= Problem statement =
Before printing, remove every picture; then print the lines below exactly, from the first line through the line containing "En el estadio".
----
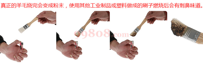 羊毛是人类在纺织上常用的纤维之一,也是工业毛刷常选用的材料之一。真正的羊毛烧完会变成粉末,使用其他工业制品或塑料做成的刷子燃烧后会有刺鼻味道。
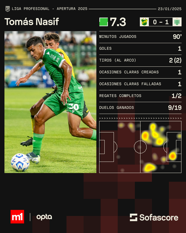 En el estadio Norberto Tito Tomaghello, el joven delantero Tomás Nasif, cedido a préstamo por River, marcó el único tanto de la noche en el que fue su debut en Primera División.
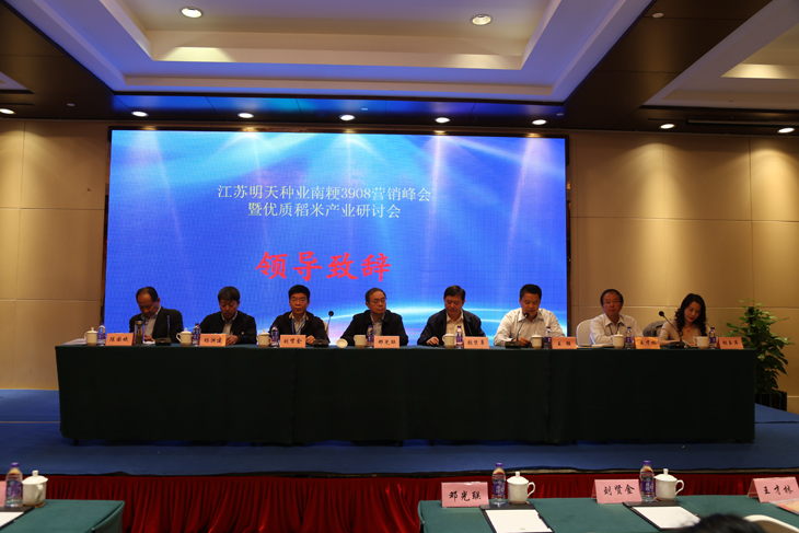 金秋十月,秋風(fēng)送爽,種植“南粳3908”的田間稻香四溢,沉甸甸的稻穗隨風(fēng)起伏,一片豐收在望的喜人景象。10月15~16日,我公司好味稻米新品種“南粳3908”營銷峰會暨優(yōu)質(zhì)稻米產(chǎn)業(yè)研討會在丹陽召開。會議邀請了中國種子協(xié)會副會長鄧光聯(lián)、江蘇省農(nóng)科院副院長劉賢金、江蘇種業(yè)協(xié)會會長張堅勇、江蘇省農(nóng)技推廣站站長管永祥、江蘇省農(nóng)技推廣站副站長楊洪建、江蘇省種子站副站長陳國斌、丹陽市副市長王強、江蘇省著名水稻育種家王才林研究員等領(lǐng)導(dǎo)專家出席。來自江蘇、安徽各地的種子經(jīng)銷商、種植大戶和稻米加工企業(yè)代表等200余人濟濟一堂,甚是熱鬧。
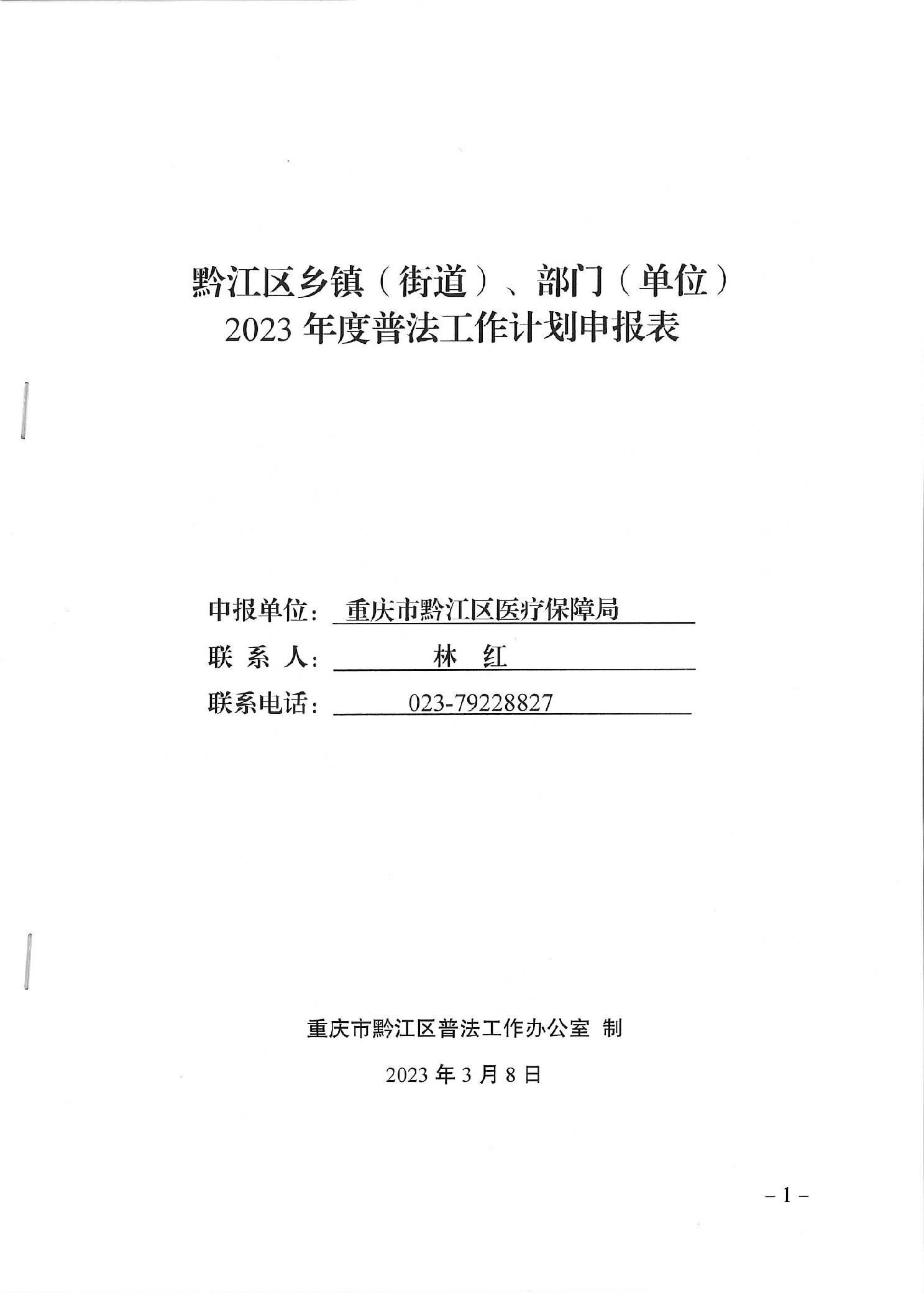 2023年度普法工作計劃申報表
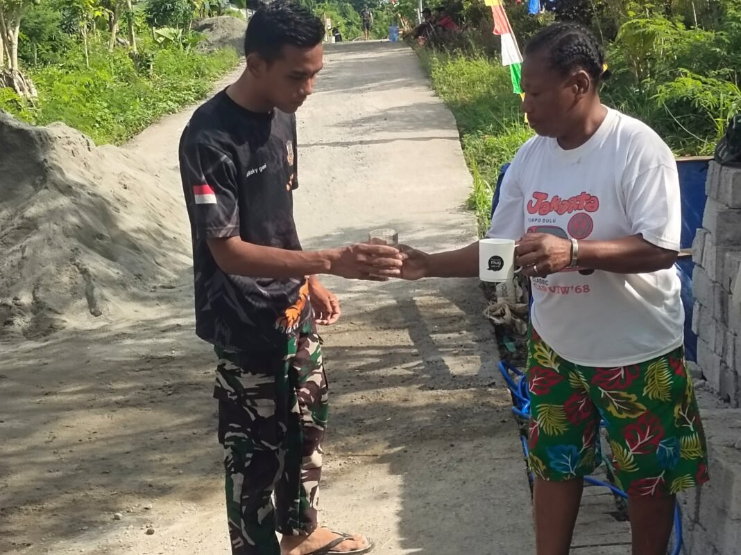 Manokwari Utara – Masyarakat terus menunjukkan dukungan mereka terhadap program TMMD ke-128 yang digelar oleh Kodim 1801/Manokwari. Salah satu bentuk nyata dukungan ini datang dari mama-mama di Kampung Tanah Rubuh yang menyiapkan air minum untuk para anggota Satgas TMMD yang sedang bekerja di proyek pembangunan rumah layak huni.
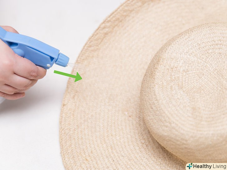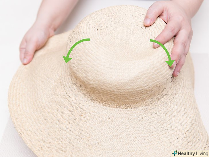Зволожуйте капелюх водою. якщо відпарювання капелюхи вам не допомогло, то можна спробувати зволожити капелюх водою. Даний метод особливо корисний в тому випадку, коли зім'ятими виявилися поля солом'яної капелюхи . Обприскати капелюх водою з пульверизатора. При висиханні солома повинна придбати первісну форму, так як волога робить її більш пластичною.- Вам необхідно лише скропити капелюх водою, але якщо це не допоможе, то можна опустити її тулію в миску з теплою водою. Капелюх при виправленні форми не повинна бути занадто сухою, інакше солома може зламатися.
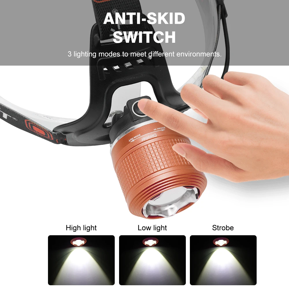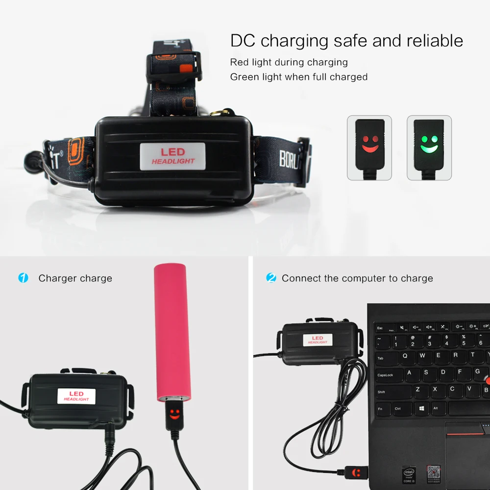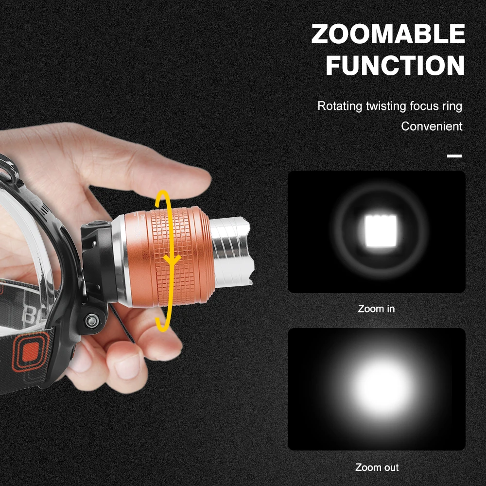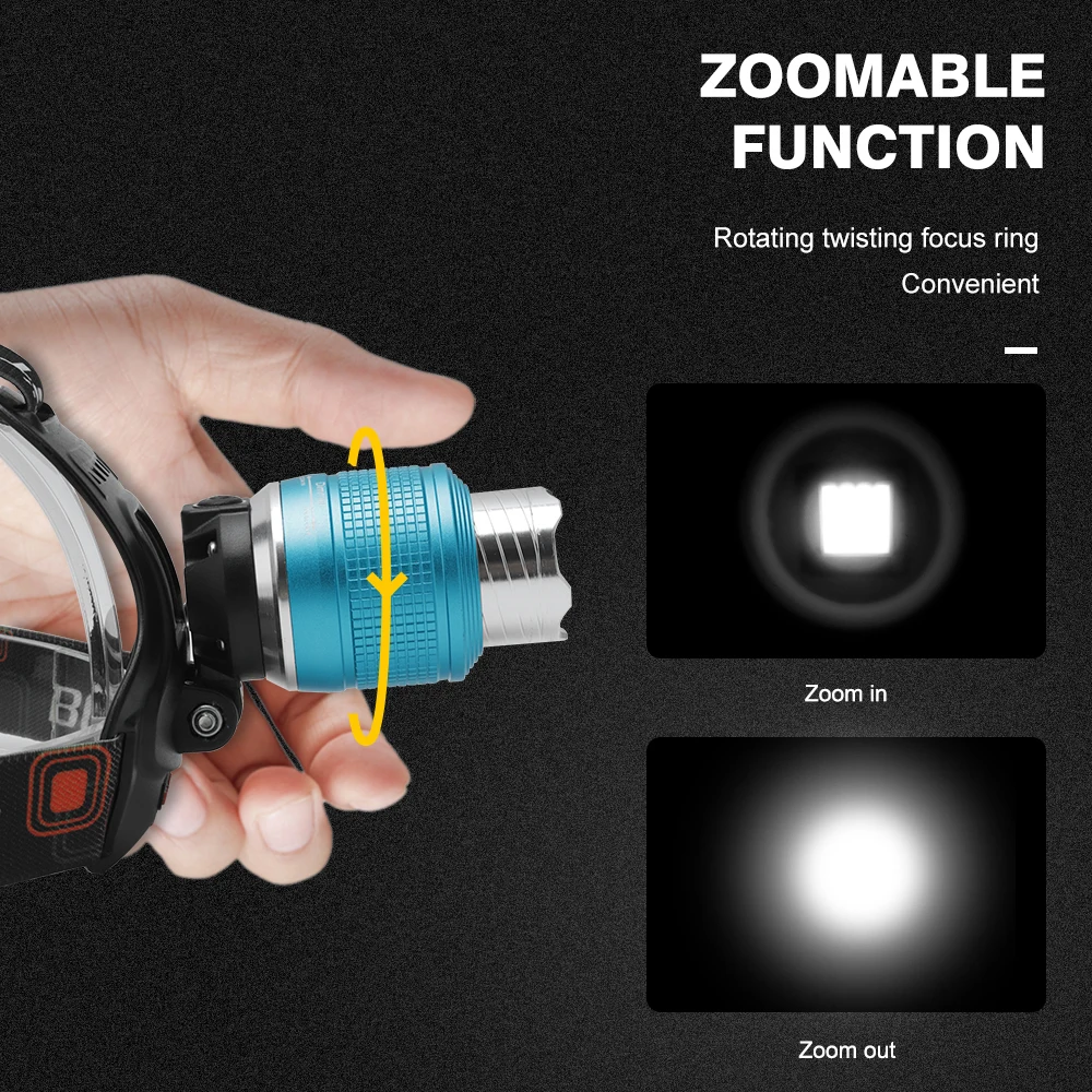 Налобный фонарь BORUIT RJ-2800 T6, светодиодный, 18650 люмен, 3 режима, с аккумулятором, водонепроницаемый, для походов и охоты
----
= Output for this task =
 羊毛是人类在纺织上常用的纤维之一,也是工业毛刷常选用的材料之一。真正的羊毛烧完会变成粉末,使用其他工业制品或塑料做成的刷子燃烧后会有刺鼻味道。
 En el estadio Norberto Tito Tomaghello, el joven delantero Tomás Nasif, cedido a préstamo por River, marcó el único tanto de la noche en el que fue su debut en Primera División.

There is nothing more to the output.